Ringfort (Rath), Scartnadrinymountain, Co. Waterford
Co. Waterford |
Ringforts
On a south-west-facing slope at the western foothills of the Monavullagh Mountains in County Waterford, a grass-covered circle roughly thirty-four metres across sits quietly inside a coniferous forest, left unplanted while the trees press in around it. That deliberate gap is one of the small peculiarities of this ringfort, or rath, a type of enclosed farmstead built during the early medieval period in Ireland, typically between the fifth and twelfth centuries, when such enclosures served as the defended homesteads of farming families rather than military fortifications in any formal sense.

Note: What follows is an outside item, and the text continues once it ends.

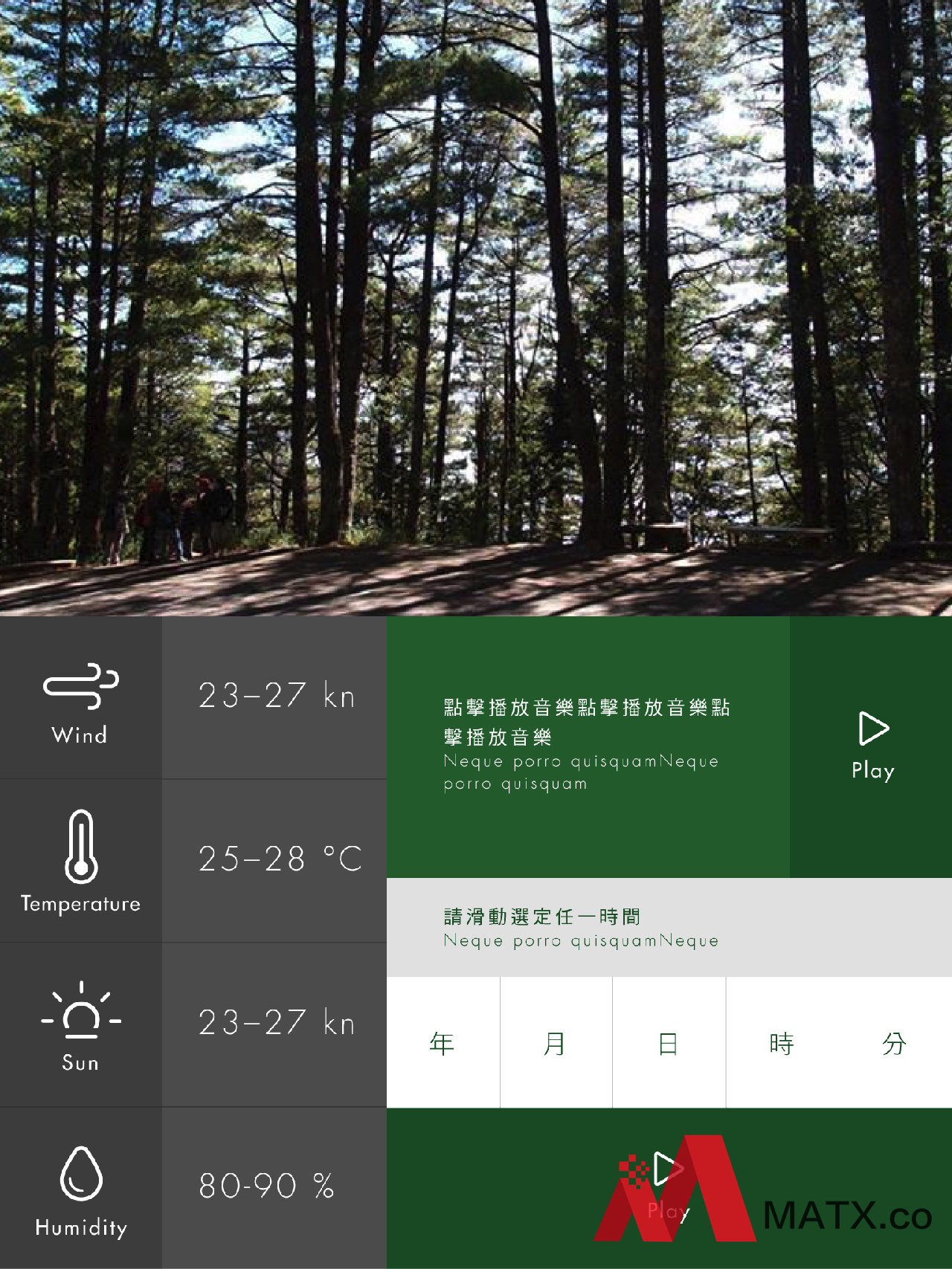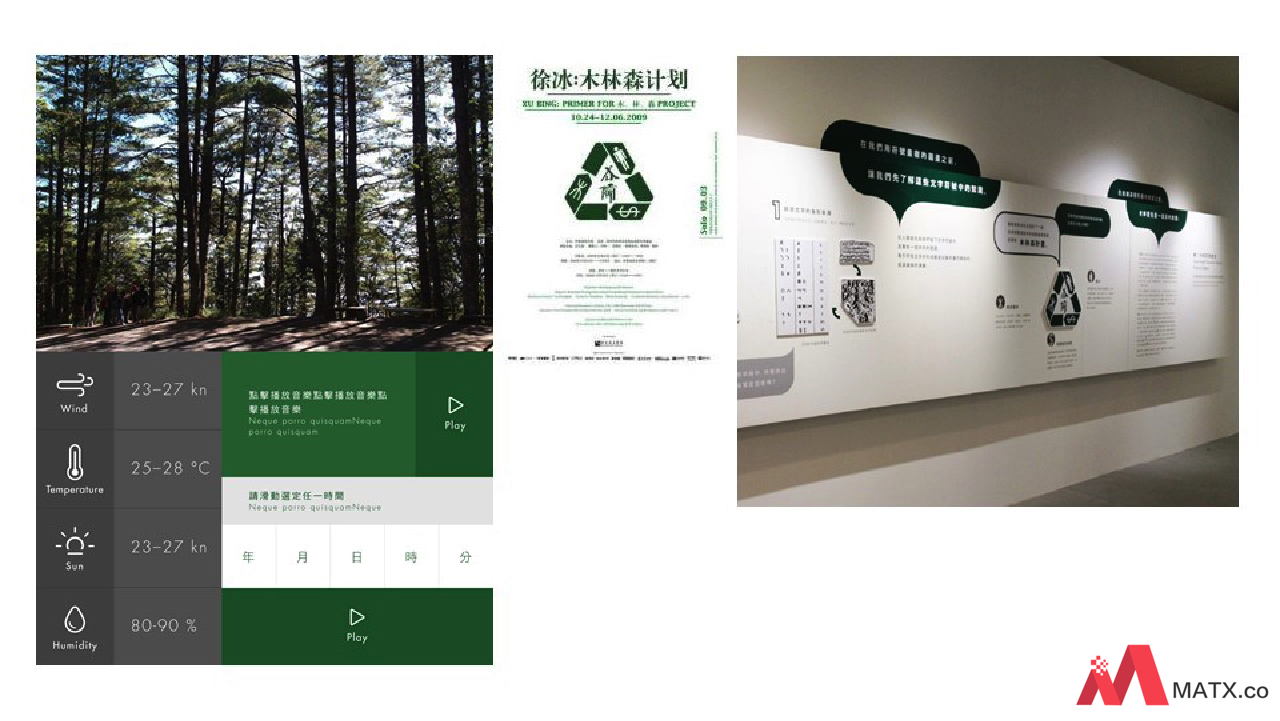 作品由三个部分构成,放置在森林中的简易气象站,展厅中的多部运行有定制程序的PAD,展厅中实时显示拍卖情况的大屏幕。展厅中的PAD通过网络获取森林中简易气象站的数据,得知树木生长的环境数据,并将这些数据转换为音乐。展厅中观众可以使用PAD,听取声音,查询树木生长的环境数据。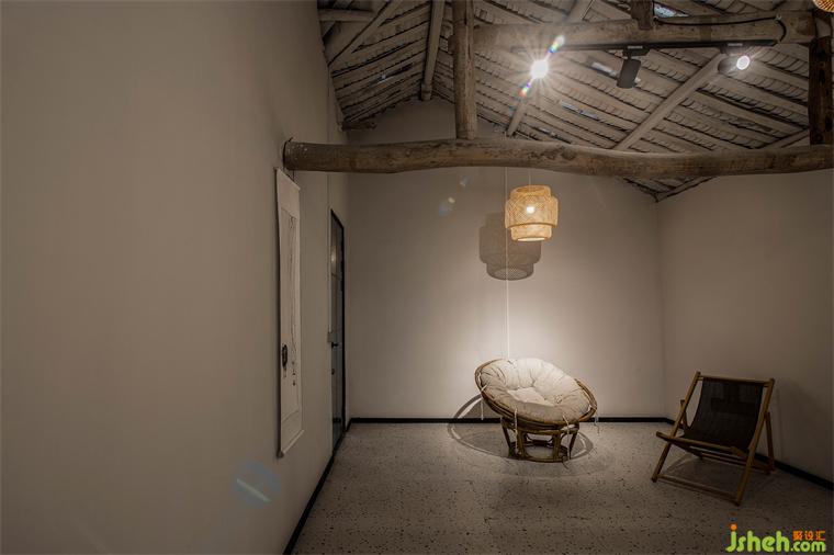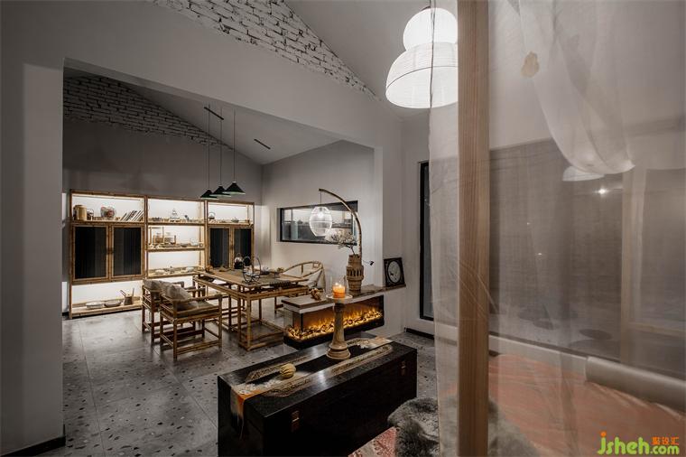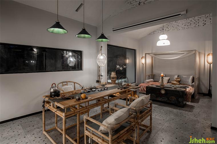 舊房改造設(shè)計(jì)以茶桌前景,以帶紗幔的禪床為遠(yuǎn)景的主客廳布置。

The enclosing bank here is composed of earth and stone, between three and four metres wide, and its height varies considerably depending on which side you measure from. On the upslope eastern side, the external face rises to 2.2 metres, while on the downslope western side it barely clears 0.2 metres internally, the natural gradient doing much of the work the bank cannot. An external fosse, a defensive ditch running from north-north-east to south-east, survives with a depth of 1.2 metres and a top width of 3.7 metres. The bank on the north-west and north-north-east has been absorbed into a later stone field wall, and while a modern entrance 2.1 metres wide passes through that wall to the north, the original entrance has not been identified. In the interior, there is evidence of a souterrain, an underground passage or chamber that in early medieval contexts typically served for storage or concealment. Another rath lies roughly thirty metres to the north, suggesting this was once part of a broader settled landscape. Extending eastward from the outer bank is a relict field bank, only faintly preserved, which curves southward in an arc about thirty metres long before being cut by a later field boundary and drain, a ghostly outline of an earlier agricultural arrangement.